6
Como si acabaran de salir del colegio, los chicos rompieron la formación y avanzaron en tropel hacia el submarino. Yo fui arrastrada por la manada, contenta de que me ignorasen durante un rato, perdida en la muchedumbre. Albemarle gritaba:
—¡Eh! ¡Eh, esperad! —Pero no nos detuvimos todos hasta que dio comienzo el tiroteo.
Una ráfaga de disparos de armas automáticas surgió de los alrededores del submarino. Yo no alcanzaba a ver demasiado, atrapada en el repentino choque en cadena, pero pude oír el bramido de una voz amplificada: «¡Alto! Están en una zona restringida. Estamos autorizados a emplear la fuerza y no dudaremos en hacerlo a menos que desistan ahora mismo. Abandonen de inmediato». Mientras la voz hablaba, un deslumbrante foco surcaba la neblina rastreándonos, como un chiquillo que revuelve entre las hormigas con un palo.
La gente se replegó tras el Sallie o se ocultó en las sombras entre los cilindros oxidados. Mientras yo me refugiaba en aquellas trincheras entre docenas de chicos que olían a grasa, perdí el contacto con Cowper. El grupo comenzó a proferir un aluvión de insultos y quejas, lo que me hizo creer que se había perdido toda esperanza. Entonces se volvieron hacia mí:
—¡Tú y ese estúpido viejo! ¡Tendríamos que haber sabido que era un mentiroso de mierda! ¿Qué vamos a hacer ahora? ¿Dejar que los marines nos frían el culo?

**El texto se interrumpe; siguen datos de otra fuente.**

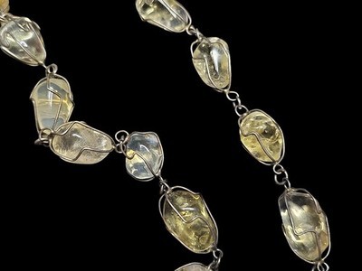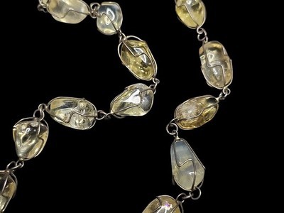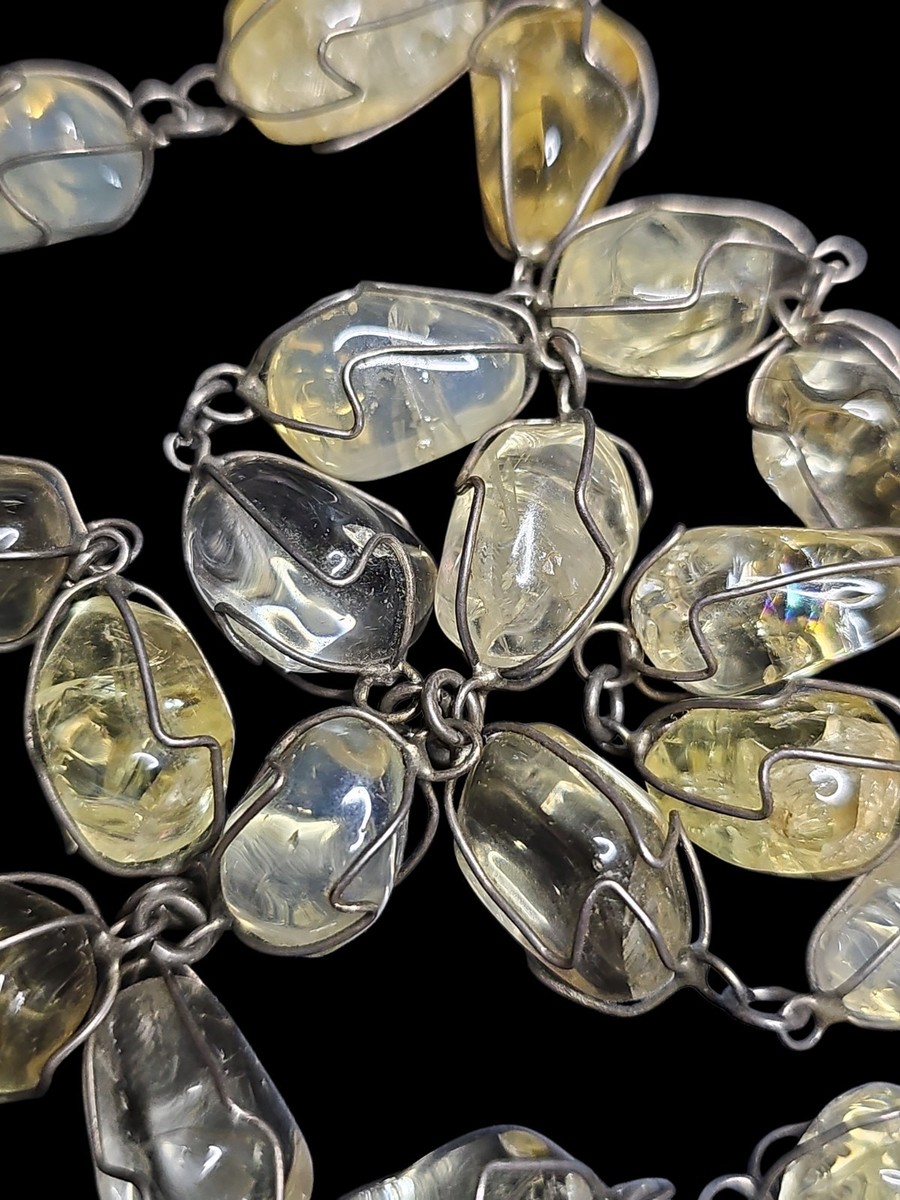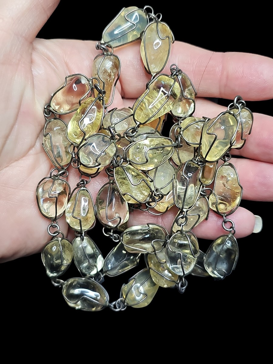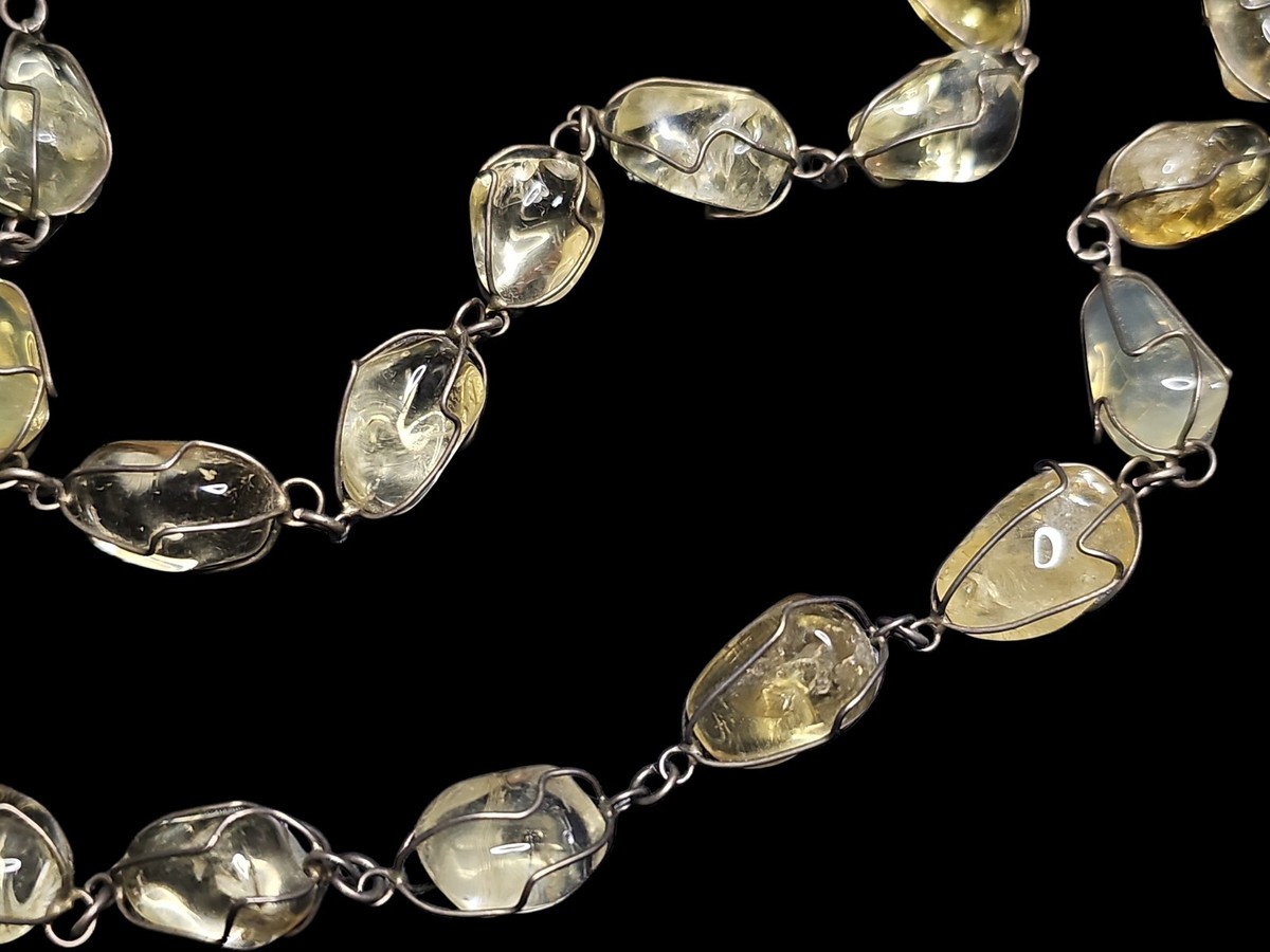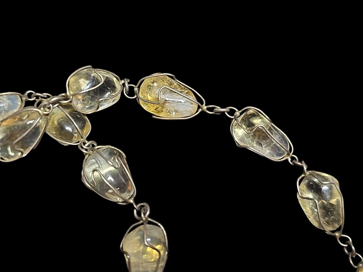 Vintage artisan necklace featuring hand-wrapped translucent yellow nugget stones linked in tested sterling silver. The stones display natural internal character with tones ranging from pale champagne to warm honey yellow, giving the necklace beautiful depth and movement.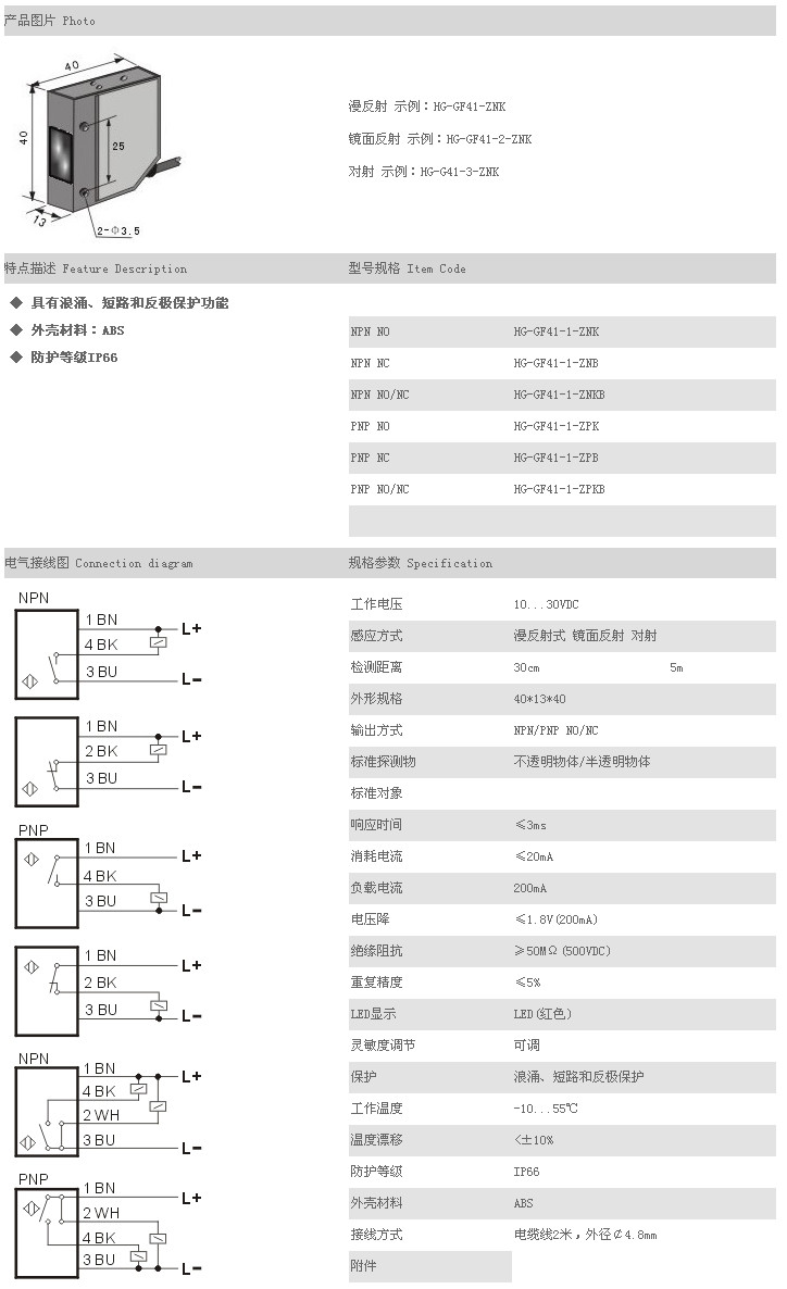 方型光電開關/傳感器 HG-GF41-1-ZNK,HG-GF41-1-ZNB,HG-GF41-1-ZNKB,HG-GF41-1-ZPK,HG-GF41-1-ZPB,HG-GF41-1-ZPKB |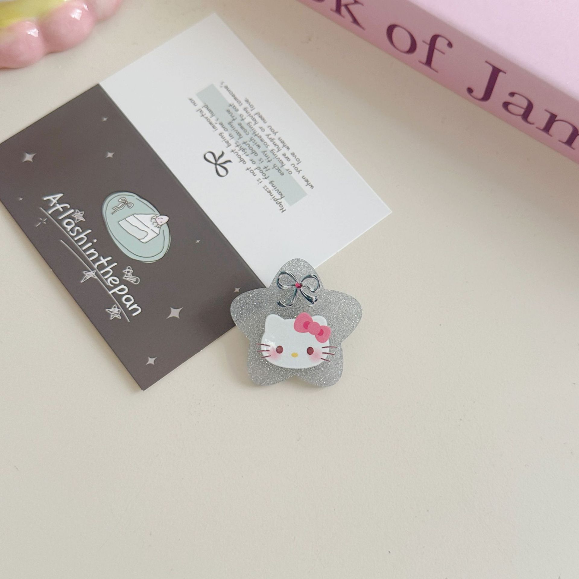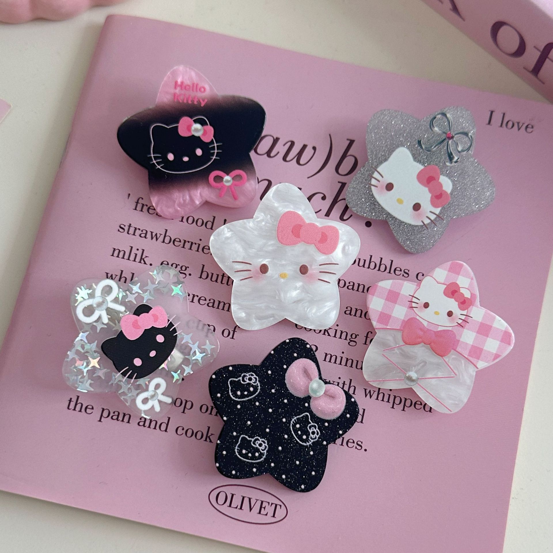 (다섯개 별 버전) 여섯 실버 파우더 스파클링 헤어핀 달콤한 귀여운 소녀 만화 학생 헤드웨어 덕빌 클립 여성스토어 가기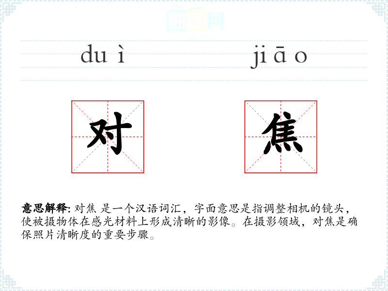 "对焦"的意思解释、对焦是什么意思由翻译网汉语词典查词提供。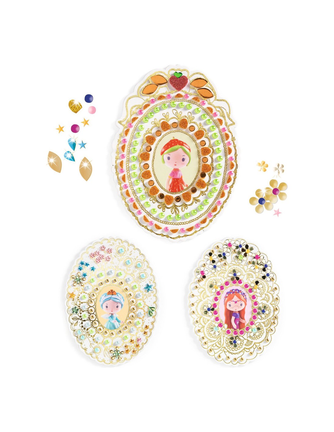 Contenu : 3 médaillons en carton épais imprimé avec un estampage doré, à décorer avec : gemmes, perles, mosaïques pailletées, effet métallisé.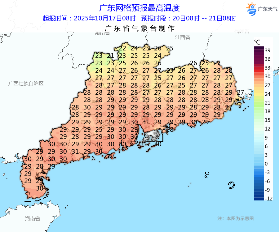 20日:清远北部和韶关北部19~24℃,粤北其余市县和珠三角北部市县25~28℃,其余大部市县28~30℃。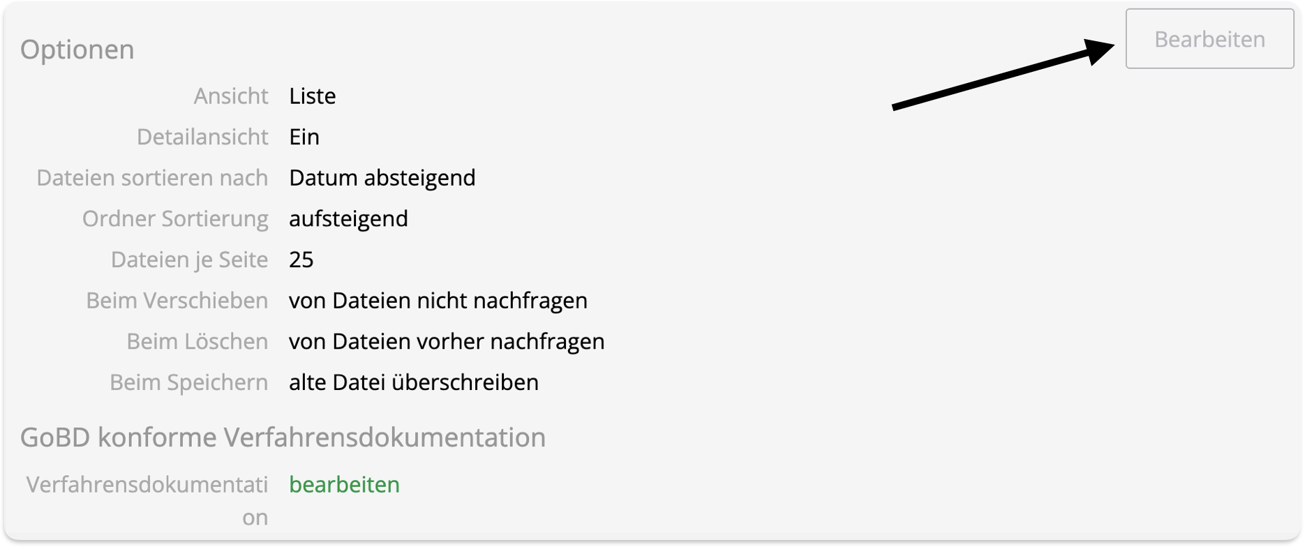Einstellungsbereich | Akteschrank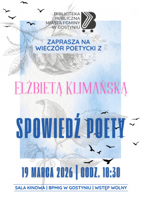 | Miejscowość: Gostyń Miejsce: Biblioteka w Gostyniu Data rozpoczęcia: 19.03.2026 18:30:00 Data zakończenia: 19.03.2026 20:00:00 Organizator: Biblioteka Publiczna Miasta i Gminy w Gostyniu Opis wydarzenia: 19 marca 2026 r. o godzinie 18:30 w Bibliotece Publicznej Miasta i Gminy w Gostyniu odbędzie się wyjątkowe spotkanie dla miłośników poezji. W ramach wieczorku poetyckiego pn „Spowiedź poety” owoce swojego talentu przedstawi Elżbieta Klimańska. Ta skromna, regionalna poetka, może pochwalić się dorobkiem liczącym ponad 200 wierszy. Mimo iż jej twórczość nie została do tej pory oficjalnie opublikowana, czytelnicy z nią obcujący zauważają, że wiersze te wzbudzają w nich zachwyt czy wzruszenie oraz wskazują, że ich klimat przypomina im dzieła znanych, polskich poetek. W czasie spotkania uczestnicy będą mogli nie tylko wysłuchać wybranych utworów artystki, lecz również zabrać ze sobą pamiątkowy folder, zawierający namiastkę poezji będącą przedmiotem spotkania. Serdecznie zapraszamy do udziału w tym niepowszednim wydarzeniu, podczas którego będzie okazja, aby wysłuchać osoby nietuzinkowej – człowieka, być może mijanego obojętnie każdego dnia, a który chce opowiedzieć światu o rzeczach ważnych i pięknych. |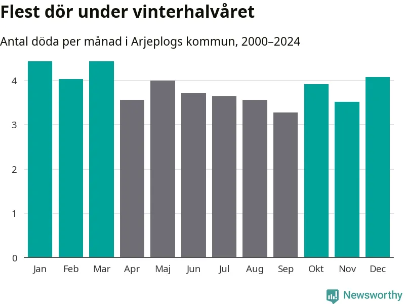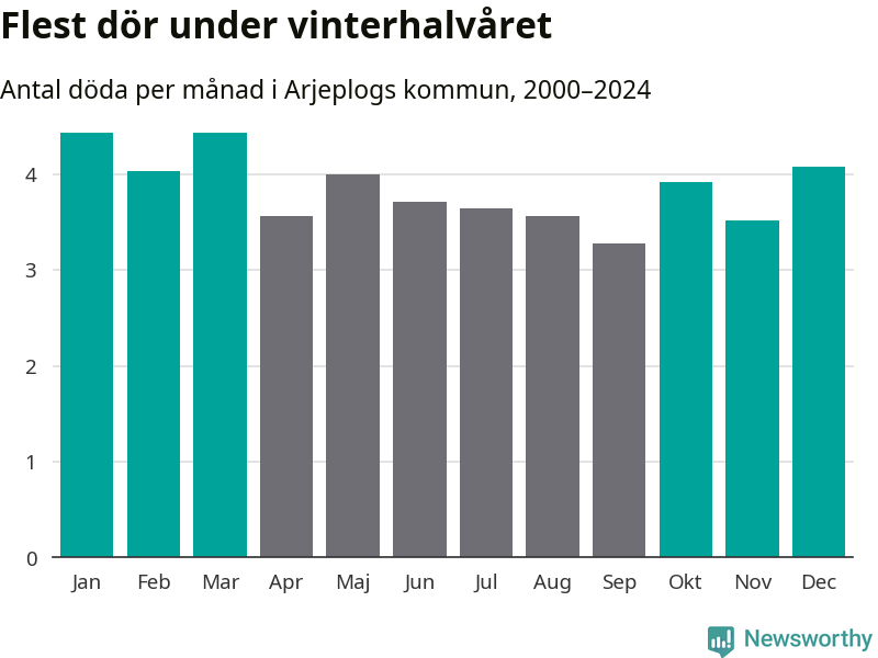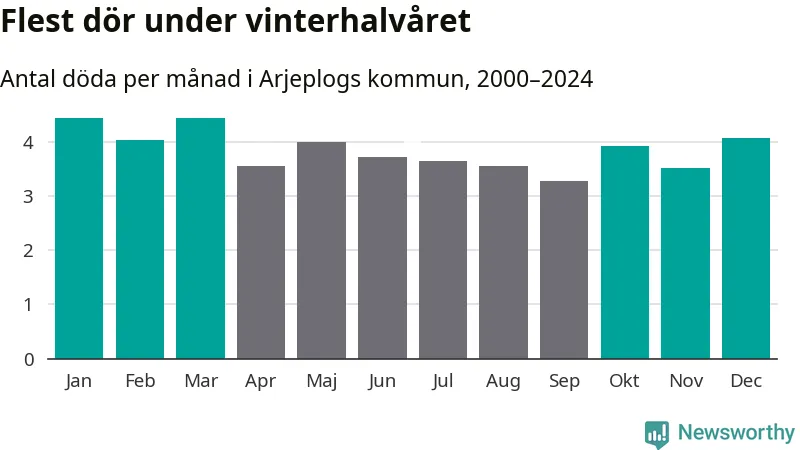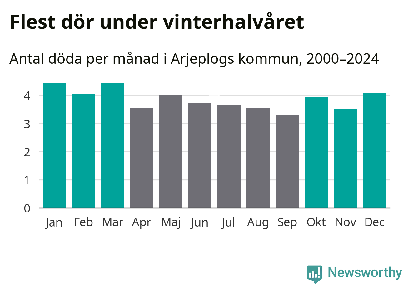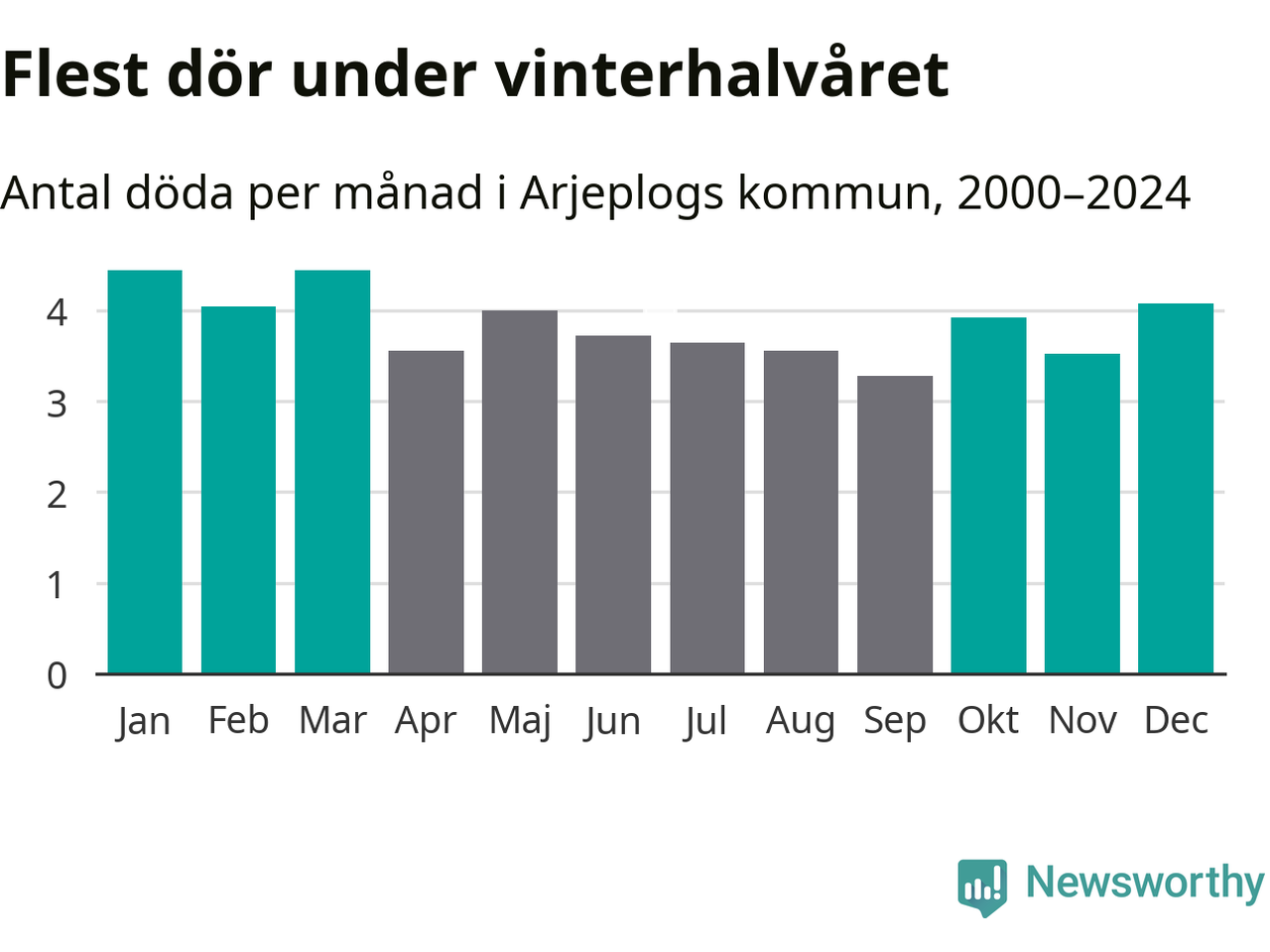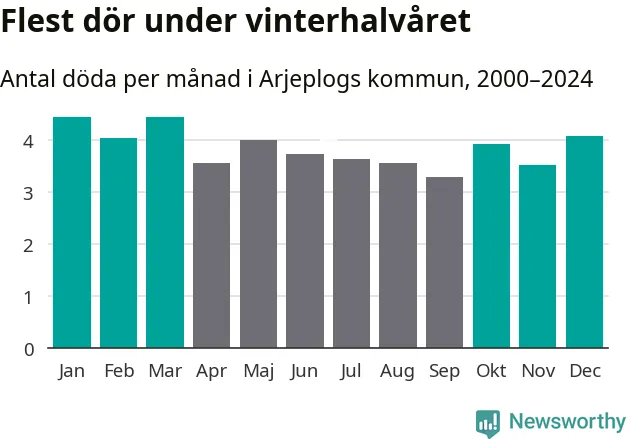 Så är det även i Arjeplog. Under de senaste 25 åren har 596 personer dött i kommunen under vinterhalvåret, jämfört med 548 personer under sommarhalvåret – alltså nio procent fler.

De pronto me estaban zarandeando, pasándome de mano en mano para sacarme de nuestro escondite y dejarme bajo el intimidatorio brillo del reflector.
Entonces me quedé sola en la carretera, sintiéndome muy pequeña junto a las múltiples ruedas del remolque del Sallie. Se me había caído uno de mis zapatos y, a través de mis finas medias, inevitablemente notaba el frío y tosco macadán. La luz del foco estaba caliente. En un torbellino de sentimientos heridos, me protegí los ojos y eché a caminar hacia él. De acuerdo, pensé, como si hubiese perdido la razón. Me sentía bien dejándome ir. Las lágrimas me caían por las mejillas y apuré el paso cada vez más, consciente únicamente de mis propios pies y de la achicharrante luz semejante a la del mediodía. Una música orquestal in crescendo parecía acompañarme, como si fuese a romper a cantar una espectacular canción de Broadway.
De repente, alguien me cogió por los aires y me apartó de la luz. Mientras caímos al suelo, tuve una extraña e intensa sensación de que era Papá Noel quien me estaba placando. Entonces recobré el sentido común, y me di cuenta de que era únicamente el disfraz acolchado lo que me había recordado a Papá Noel: era el chico vestido de ardilla (como si eso fuese menos raro). Por encima de su hombro peludo, pude ver las hileras de enormes ruedas avanzando pesadamente, tan cerca que podía tocarlas.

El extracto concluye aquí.